Metadata-Version: 2.4
Name: pespace
Version: 0.0.0
Summary: A tool for parameter estimation with space-borne gravitational-wave detectors.
Author-email: Rui Niu <nrui@mail.ustc.edu.cn>
License-Expression: GPL-3.0-or-later
Project-URL: Documentation, https://github.com/nnrui/pespace
Project-URL: Repository, https://github.com/nnrui/pespace
Keywords: gravitational-wave,taichi-lang,parameter estimation
Classifier: Development Status :: 2 - Pre-Alpha
Classifier: Intended Audience :: Science/Research
Classifier: Programming Language :: Python :: 3
Classifier: Topic :: Scientific/Engineering :: Astronomy
Requires-Python: >=3.10
Description-Content-Type: text/markdown
License-File: LICENSE
Requires-Dist: taichi!=1.7.1
Requires-Dist: numpy
Requires-Dist: scipy
Requires-Dist: matplotlib
Requires-Dist: tiwave
Provides-Extra: dev
Requires-Dist: pytest; extra == "dev"
Requires-Dist: pytest-cov; extra == "dev"
Requires-Dist: black; extra == "dev"
Requires-Dist: mypy; extra == "dev"
Requires-Dist: sphinx; extra == "dev"
Dynamic: license-file

# `pespace`: A tool of response generation and likelihood evaluation for space-borne gravitational wave detectors

![last commit](https://img.shields.io/github/last-commit/nnrui/pespace)
[![code style: black](https://img.shields.io/badge/code%20style-black-000000.svg)](https://github.com/psf/black)

> [!Warning]
> This is an experimental project under active development. The design and APIs are not stable and may change frequently.

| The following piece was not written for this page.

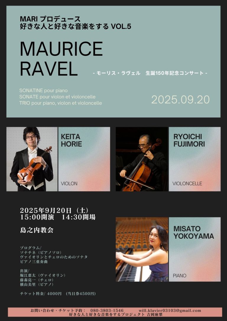 たくさん室内楽のコンサートをやっています。 恒例の室内楽セミナー&コンサート、大阪の会は大盛況のコンサートをもって終了しました。横浜の会の発表コンサートは11月30日サーラマサカにて開催します。レッスンの聴講も可能です。お問い合わせください。 横山美里 Misato yokoyama Upcoming Concerts Mari プロデュース 好きな人と好きな音楽をするVOL.5 モーリス・ラヴェル生誕150年記念コンサート 2025-9-20 島之内教会(大阪市)15:00開演 The Grand Trio 珠玉の室内楽 2025-9-28 代官山ヒルサイドテラス・ヒルサイドプラザ15:00開演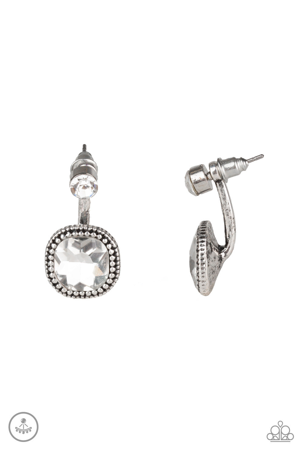 A solitaire white rhinestone attaches to a double-sided post, designed to fasten behind the ear. Featuring a faceted white gem, the glitzy double-sided post peeks out beneath the ear for a refined look. Earring attaches to a standard post fitting.

This package can be used to generate detector responses and evaluate the likelihood function under the stationary Gaussian noise assumption for space-borne detectors, with a focus on
parameter estimation of massive black hole binaries.
Core computations are implemented with `taichi-lang`, enabling automatic differentiation and hardware acceleration across multiple architectures. 
More details can be found in the [paper]() or the [document](). 

## Installation
Install from PyPI:
```bash
pip install pespace
```
Install the latest or specific commit version:
```bash
# install the latest development version
pip install git+https://github.com/nnrui/pespace
# install a specific commit
pip install git+https://github.com/nnrui/pespace@<commit-hash>
```

## Usage
The basic functionality of generating detector responses is domanstrated in the [tutorial](). Example scripts of the full Bayesian parameter estimation for a massive black hole binary merger signal can be found [here]() for a single LISA-like detector, and [here]() for the LISA-Taiji-Tianqin network.

## Similar packages
If `pespace` cannot meet your needs, you may find other packages for similar functionality (welcome to open issues or pull requests if you have more):
- [LISA-Black-Hole](https://github.com/eXtremeGravityInstitute/LISA-Black-Hole)
- [lisabeta](https://gitlab.in2p3.fr/marsat/lisabeta)
- [bbhx](https://github.com/mikekatz04/BBHx)

## Contact
The author strive to make this project easy-to-use and maintainable. But the author's experience and knowledge in software engineering is limited. Any feedback, comments, and suggestions are greatly appreciated. Feel free to open issues or contact.

## Citation
If you think this package is useful, please consider cite [arxiv: 2601.xxxx]().

The development of this package depends on many previous works including:
- The frequency domain response model: [Sylvain Marsat, John G. Baker, arxiv: 1806.10734](https://arxiv.org/abs/1806.10734);

Please cite the original works for the corresponding modules you have used.